A group of crypto investors sue the US Treasury Department over blacklisting Tornado Cash

treasury department

Was Treasury Department right to blacklist crypto platform? The lawsuit will tell. Source: pixabay.com

According to the New York Times, investors sued the Treasury Department to dispute government sanctions denying Americans access to the popular crypto platform Tornado Cash. The lawsuit is financially supported by the cryptocurrency exchange Coinbase. 

Tornado Cash was banned last month since criminals have allegedly used it to launder virtual currencies. While the investigation goes on, the US government placed Tornado Cash on the OFAC sanctions list to prevent hacking, money laundering and other cryptocurrency crimes.

Coinbase has previously confronted the federal government over its tough regulation of digital assets. Many crypto industry groups have also fiercely reacted to the Treasury Department’s decision. They believe that the crackdown endangers a critical blockchain tool for preserving privacy. The new lawsuit also argues that the Treasury Department has no legal authority to ban Tornado Cash.

Cryptocurrency mixers: privacy or crime?

The infamous crypto platform is a so-called cryptocurrency mixer. That means cryptocurrency transactions are routed through a mixer, combining streams of funds to obscure where the money originated. Therefore, such transactions are harder for law enforcement officials and other observers to track.

Providing utter anonymity, crypto mixers are favourite money laundering tools for criminals.
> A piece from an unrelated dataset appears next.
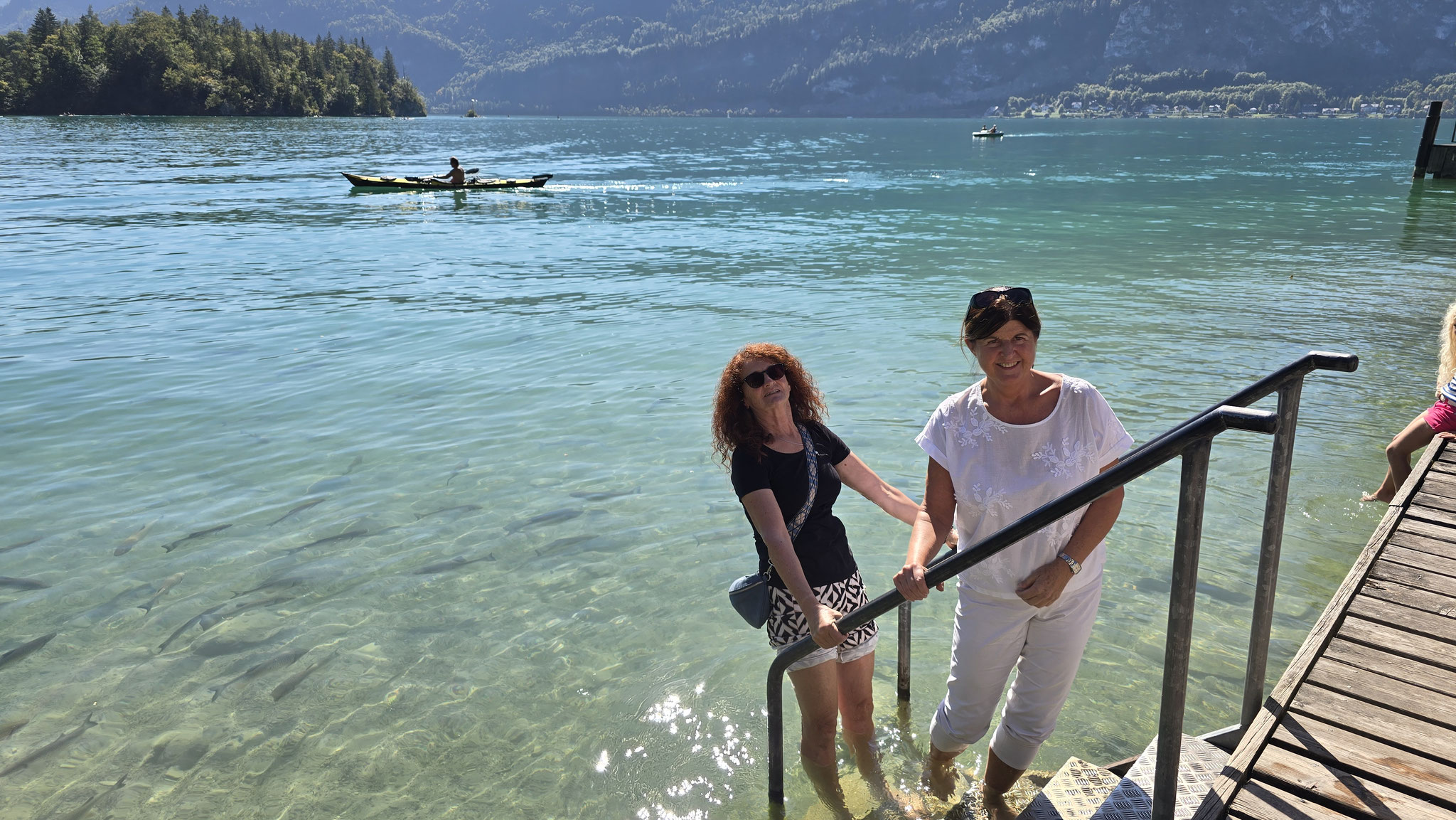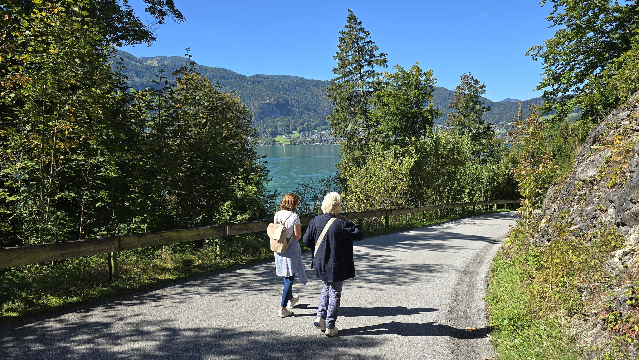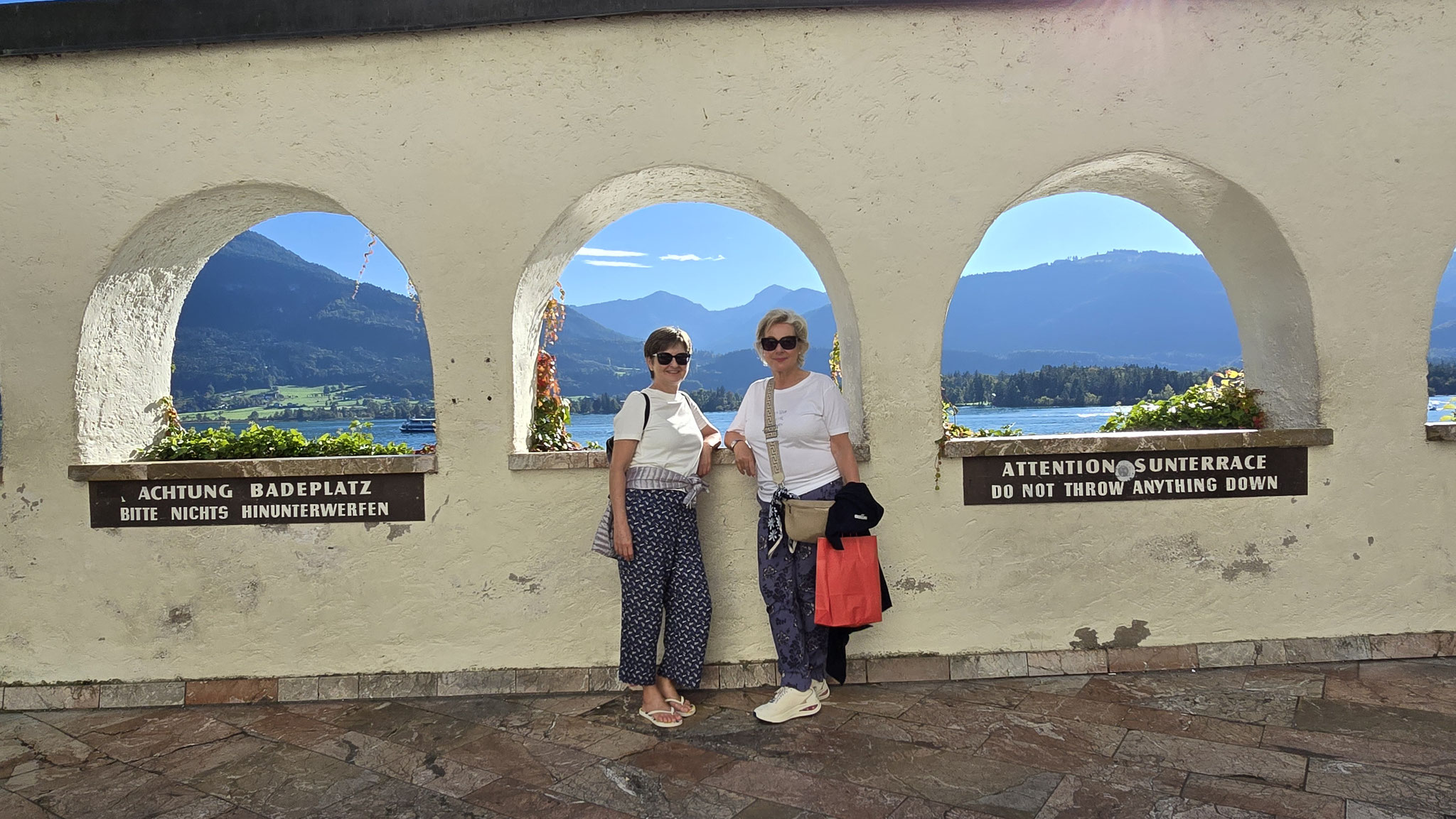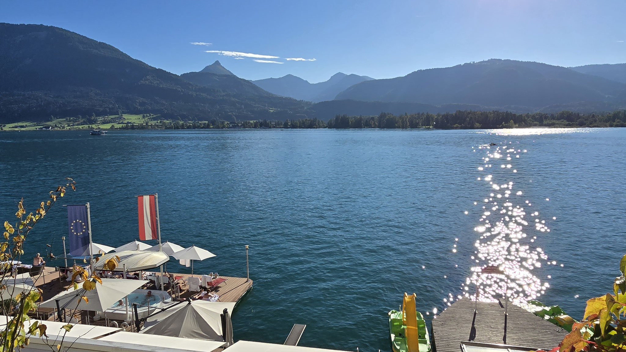 Rainer hatte ja das Preisgeld in Höhe von EUR 3.000,-, mit dem der Wüstenrot sein freiwilliges soziales Engagement im Hospiz ausgezeichnet hatte, dem Verein übergeben. Eine erste Aktivität war der gemeinsame Ausflug von Mitarbeiter*innen und Ehrenamtlichen am Samstag, den 20. September an den Wolfgangsee. Bei wunderbaren Wetter startete der Tag mit einem Besuch des Europa Klosters Gut Aich. Gründer, Pater Johannes Pausch, führte unsere Gruppe durch sein Lebenswerk. Von der wunderschönen Kapelle bis hin zum Kräutergarten - zu allem gab es spannende Geschichten zu erzählen und die Zeit verging wie im Fluge. Zu Fuss wurde dann die nächste Etappe vom Kloster bis zum Gasthof Fürberg flott erledigt, wo ein sehr feines Mittagessen auf alle Teilnehmer*innen wartete. Frisch gestärkt ging es anschliessend per Schiff noch weiter nach St. Wolfgang.

For instance, a North Korean-backed hacking group has recently used Tornado Cash to launder more than $455 million, according to the Treasury Department. Moreover, the Department estimated that the service helped criminals launder a total of $7 billion in virtual currency.

However, crypto supporters argue that mixers themselves are a neutral tool, often used by people who simply want to protect their privacy. For example, one plaintiff in the given lawsuit used Tornado Cash to send funds to support the Ukrainian war effort, hoping to preserve his anonymity and avoid prosecution by the Russian government.

Besides, there are different types of crypto privacy services. Formally speaking, Tornado Cash is not a traditional company run by executives. It is rather a set of “smart contracts” — pieces of code that operate independently of any entity. Therefore, the party who initiated the lawsuit claims that the Treasury Department lacks the authority to restrict access to a software program.